### Exercise directions
The line holding "Tres sabios con" is the last one to output; start at the first line of the data, keep every line in between exactly, and leave out pictures.

### Material to process

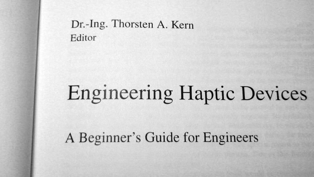 I found some quite interesting new titles this summer. 2009 seems to be a fruitful year for publications on haptics. In june I got the Human Haptic Perception, Basics and Applications volume edited by Martin Grunwald [link]. Today, I received my copy of the new book Engineering Haptic Devices edited by Thorsten A. Kern [link].
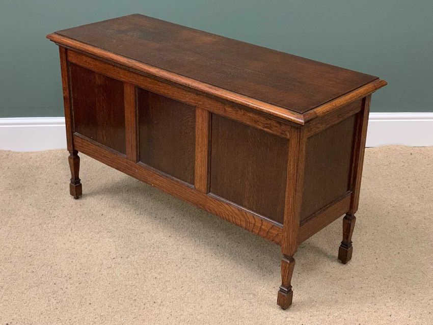 POLISHED OAK BLANKET BOX with a three panelled front, on block supports, 69cms H, 116cms W, 45cms D
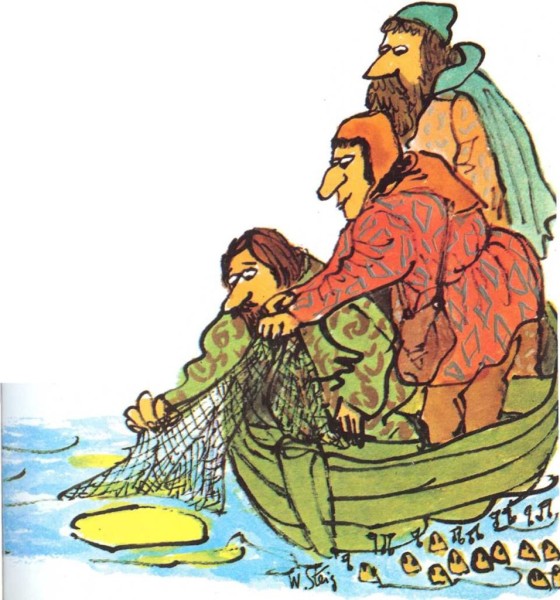 Tres sabios con muy poquito seso creían que la luna era un queso. Un queso que flotaba en el río y quisieron pescarlo, ¡Dios mío! Los peces cantaban a la una contemplando su mala fortuna: ¡No es un queso! ¡Es la luna! ¡ La luna! ¡LA LUNA! |
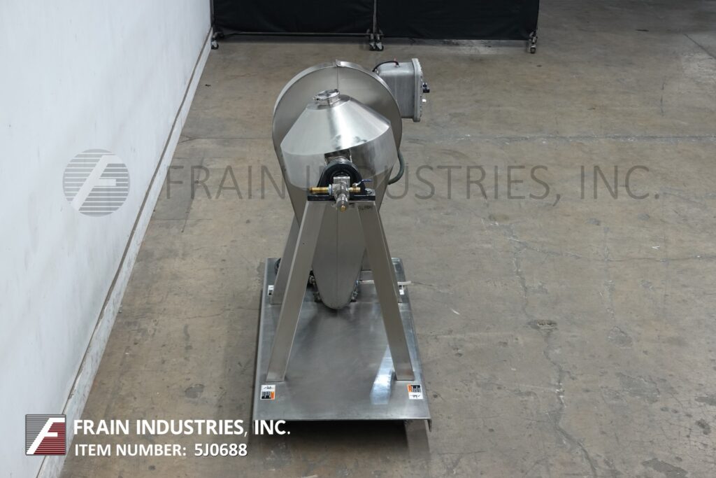 Paul O Abbe, 1.7 ft³, total 1.2 ft³ working capacity stainless steel, roto cone blender with the number of pounds of product per hour – depending on materials, application and machine configuration. Equipped with 24" high cone shell with 10" top and bottom slants and 7" straight wall, with 5" OD top product port with clamp down cover and 7" OD discharge valve with 32" floor clearance, chain and sprocket drive has safety guarding and controller with start, stop push buttons. Mounted on (4) legs with forkable platform.
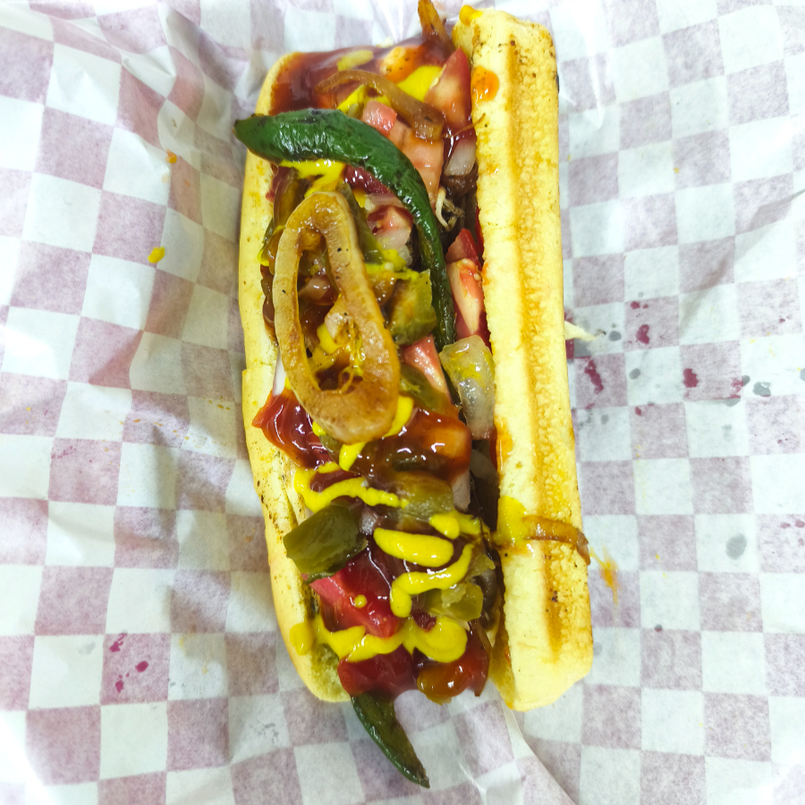 Salchicha , jitomate, cebolla, picante,captsu,mayonesa,mostaza
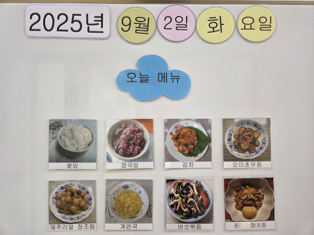 쌀밥, 잡곡밥, 계란국, 돈 장조림, 메추리알 조림, 버섯볶음, 오이초무침, 김치

### Exercise solution
 I found some quite interesting new titles this summer. 2009 seems to be a fruitful year for publications on haptics. In june I got the Human Haptic Perception, Basics and Applications volume edited by Martin Grunwald [link]. Today, I received my copy of the new book Engineering Haptic Devices edited by Thorsten A. Kern [link].
 POLISHED OAK BLANKET BOX with a three panelled front, on block supports, 69cms H, 116cms W, 45cms D
 Tres sabios con muy poquito seso creían que la luna era un queso. Un queso que flotaba en el río y quisieron pescarlo, ¡Dios mío! Los peces cantaban a la una contemplando su mala fortuna: ¡No es un queso! ¡Es la luna! ¡ La luna! ¡LA LUNA! |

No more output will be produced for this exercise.